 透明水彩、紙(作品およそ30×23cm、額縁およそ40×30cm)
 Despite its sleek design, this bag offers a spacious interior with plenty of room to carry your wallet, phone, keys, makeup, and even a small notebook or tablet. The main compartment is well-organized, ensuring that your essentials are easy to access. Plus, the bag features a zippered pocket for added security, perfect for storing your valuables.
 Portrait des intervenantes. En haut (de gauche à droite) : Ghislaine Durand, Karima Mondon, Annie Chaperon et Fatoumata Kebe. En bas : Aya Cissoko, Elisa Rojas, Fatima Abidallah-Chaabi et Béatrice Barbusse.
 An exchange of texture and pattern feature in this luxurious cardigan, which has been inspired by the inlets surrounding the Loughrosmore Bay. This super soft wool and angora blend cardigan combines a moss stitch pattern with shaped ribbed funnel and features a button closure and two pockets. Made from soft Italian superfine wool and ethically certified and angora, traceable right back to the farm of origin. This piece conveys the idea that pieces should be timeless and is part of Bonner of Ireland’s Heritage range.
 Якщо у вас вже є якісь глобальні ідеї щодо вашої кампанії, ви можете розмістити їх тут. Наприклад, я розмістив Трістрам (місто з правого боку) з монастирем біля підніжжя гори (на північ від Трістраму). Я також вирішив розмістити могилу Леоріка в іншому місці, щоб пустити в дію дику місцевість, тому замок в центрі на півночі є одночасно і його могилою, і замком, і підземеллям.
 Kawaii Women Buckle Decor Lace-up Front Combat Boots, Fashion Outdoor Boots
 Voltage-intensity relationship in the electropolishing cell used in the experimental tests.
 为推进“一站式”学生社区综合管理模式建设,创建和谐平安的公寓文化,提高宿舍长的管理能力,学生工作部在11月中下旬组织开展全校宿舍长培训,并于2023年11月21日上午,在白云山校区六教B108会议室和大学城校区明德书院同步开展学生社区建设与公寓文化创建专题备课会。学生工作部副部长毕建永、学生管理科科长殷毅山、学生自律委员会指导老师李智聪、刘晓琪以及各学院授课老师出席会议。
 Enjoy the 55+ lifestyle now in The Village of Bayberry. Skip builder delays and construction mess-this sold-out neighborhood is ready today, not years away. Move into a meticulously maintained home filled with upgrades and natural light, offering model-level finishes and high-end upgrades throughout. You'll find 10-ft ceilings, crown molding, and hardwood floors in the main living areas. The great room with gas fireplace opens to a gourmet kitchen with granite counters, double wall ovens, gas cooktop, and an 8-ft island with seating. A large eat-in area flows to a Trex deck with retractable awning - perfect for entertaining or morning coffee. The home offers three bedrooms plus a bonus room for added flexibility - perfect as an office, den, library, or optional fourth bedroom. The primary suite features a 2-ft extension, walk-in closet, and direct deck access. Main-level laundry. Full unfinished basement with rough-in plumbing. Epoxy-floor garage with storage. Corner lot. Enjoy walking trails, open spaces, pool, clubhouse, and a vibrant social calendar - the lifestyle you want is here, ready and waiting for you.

--

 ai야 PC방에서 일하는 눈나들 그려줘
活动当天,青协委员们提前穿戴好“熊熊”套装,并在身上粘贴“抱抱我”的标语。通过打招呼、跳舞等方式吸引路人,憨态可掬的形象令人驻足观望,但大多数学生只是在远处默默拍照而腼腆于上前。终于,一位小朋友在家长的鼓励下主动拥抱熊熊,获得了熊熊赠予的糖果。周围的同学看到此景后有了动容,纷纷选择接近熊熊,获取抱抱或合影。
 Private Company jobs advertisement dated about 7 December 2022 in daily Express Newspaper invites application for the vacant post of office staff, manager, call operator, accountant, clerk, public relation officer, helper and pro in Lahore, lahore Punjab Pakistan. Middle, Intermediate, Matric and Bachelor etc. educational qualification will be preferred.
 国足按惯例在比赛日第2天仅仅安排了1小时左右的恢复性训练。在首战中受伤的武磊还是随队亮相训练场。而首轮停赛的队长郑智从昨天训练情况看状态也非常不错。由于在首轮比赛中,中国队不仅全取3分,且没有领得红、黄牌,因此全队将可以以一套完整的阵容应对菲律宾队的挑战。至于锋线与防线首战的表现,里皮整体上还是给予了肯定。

= Task statement =
Please copy, exactly and with nothing else, the lines above beginning at the line that has "透明水彩、紙(作品およそ30×23cm、額縁およそ40×30cm)" and ending with the line that has "Portrait des intervenantes.".

= Solution for this exercise =
 透明水彩、紙(作品およそ30×23cm、額縁およそ40×30cm)
 Despite its sleek design, this bag offers a spacious interior with plenty of room to carry your wallet, phone, keys, makeup, and even a small notebook or tablet. The main compartment is well-organized, ensuring that your essentials are easy to access. Plus, the bag features a zippered pocket for added security, perfect for storing your valuables.
 Portrait des intervenantes. En haut (de gauche à droite) : Ghislaine Durand, Karima Mondon, Annie Chaperon et Fatoumata Kebe. En bas : Aya Cissoko, Elisa Rojas, Fatima Abidallah-Chaabi et Béatrice Barbusse.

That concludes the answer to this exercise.